Challenges in the Treatment of Major Depressive Disorder With Psychotic Features

Anthony J. Rothschild

Disclosures

Schizophr Bull. 2013;39(4):787-796. 

In This Article

Summary

In summary, psychotic depression is associated with significant morbidity and mortality but is underdiagnosed and undertreated. In recent years, there have been several studies that have increased our knowledge regarding the optimal treatment of patients with psychotic depression. The combination of an antidepressant and antipsychotic is significantly more effective than either antidepressant monotherapy or antipsychotic monotherapy for the acute treatment of psychotic depression. Most treatment guidelines recommend either the combination of an antidepressant with an antipsychotic or ECT for the treatment of an acute episode of unipolar psychotic depression. The optimal maintenance treatment after a person responds to either the antidepressant/antipsychotic combination or ECT is unclear particularly as it pertains to length of time the patient needs to take the antipsychotic medication. Unfortunately, the number of studies and number of tested antidepressant/antipsychotic combinations is quite limited.

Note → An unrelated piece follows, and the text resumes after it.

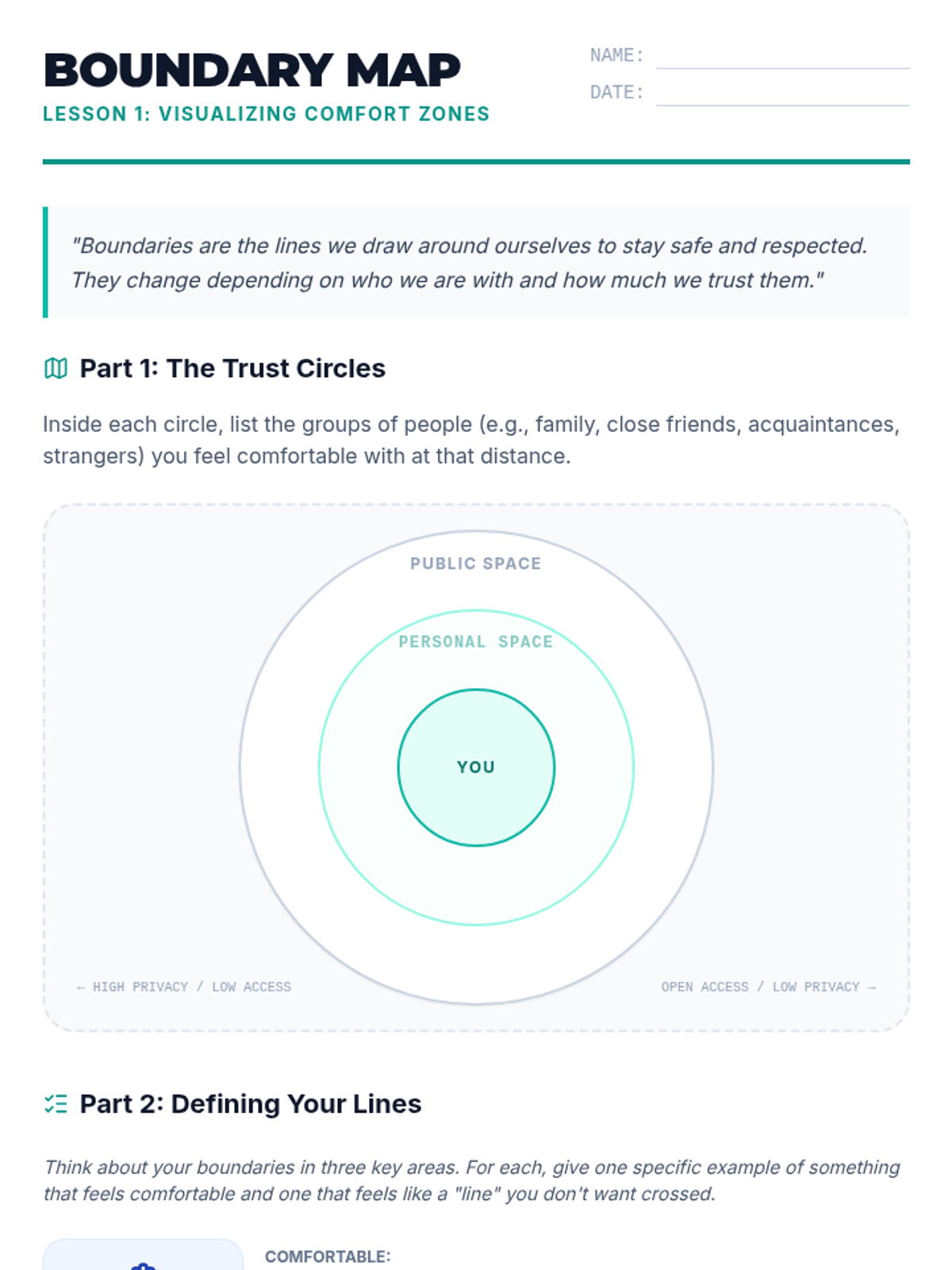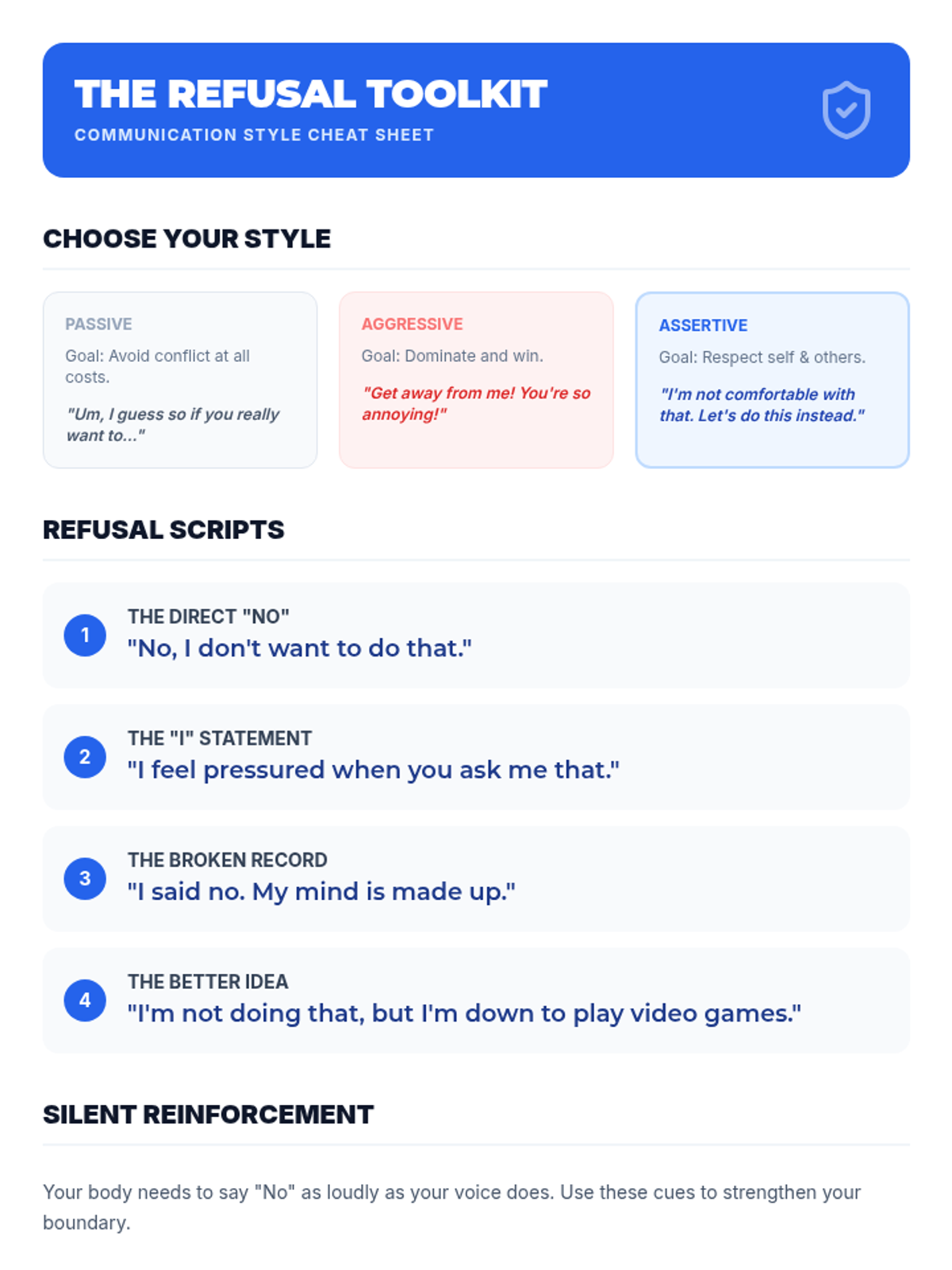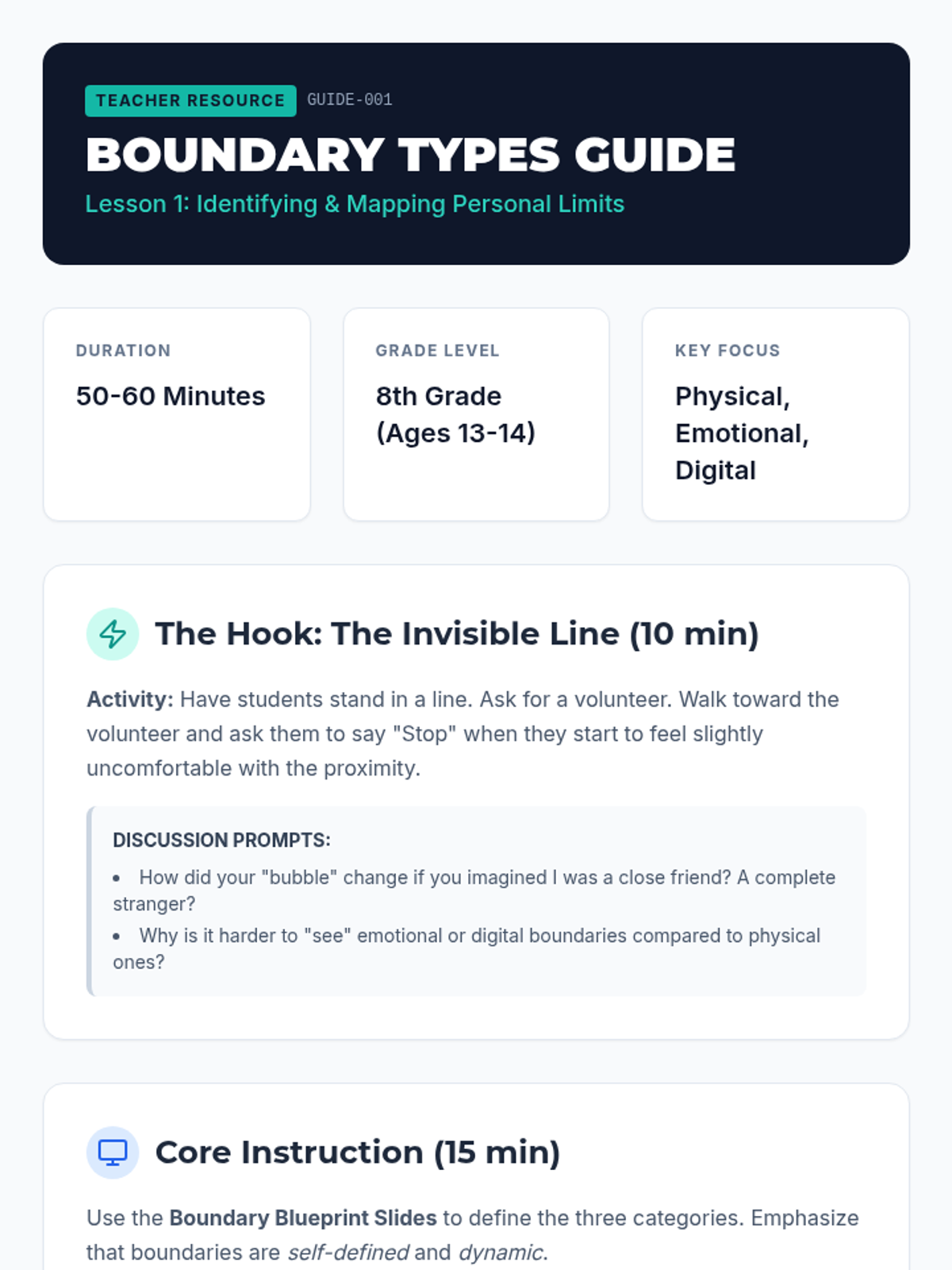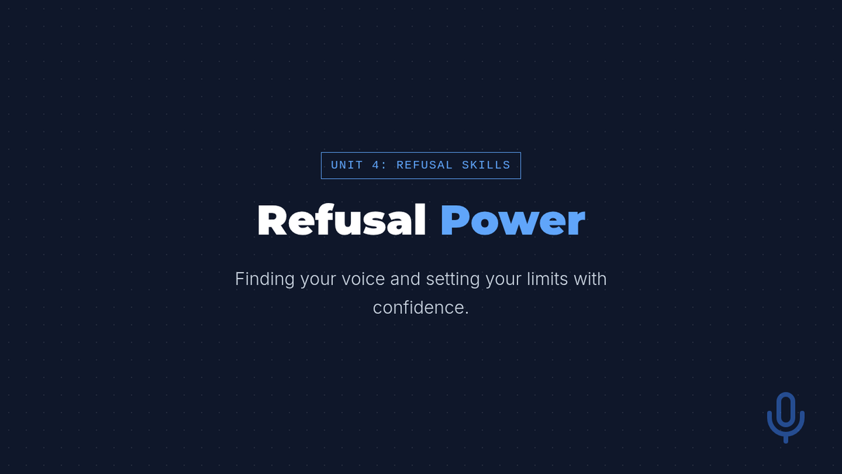 A comprehensive sequence for 8th-grade students exploring the nuances of personal boundaries, affirmative consent, non-verbal communication, and assertive refusal skills across physical, emotional, and digital contexts.

Clearly, more studies are needed to investigate other combinations that are commonly used in clinical practice along with studies of maintenance treatment. Little is known regarding the optimal treatment of a patient with bipolar disorder who has an episode of psychotic depression or the clinical characteristics of responders to medication treatments vs ECT treatments. Thus, there remain many questions for future research. Those that seem of greatest importance include the following: (1) what is the optimal maintenance treatment after a person responds to either the antidepressant/antipsychotic combination or ECT; (2) what are the clinical characteristics of responders to medication treatments vs ECT treatments; (3) decision trees to delineate the second and third lines of treatment when the first treatment is ineffective; (4) the efficacy of bilateral vs unilateral ECT; (5) differences in response and side effects to medication treatments and ECT in younger vs older patients; (6) the role of maintenance ECT; (7) what is the optimal treatment of a patient with bipolar disorder who has an episode of psychotic depression; and (8) do other combinations of antidepressant and antipsychotic medications that are commonly used in clinical practice have efficacy? The answers to these questions would be of significant practical utility to clinicians treating patients with psychotic depression.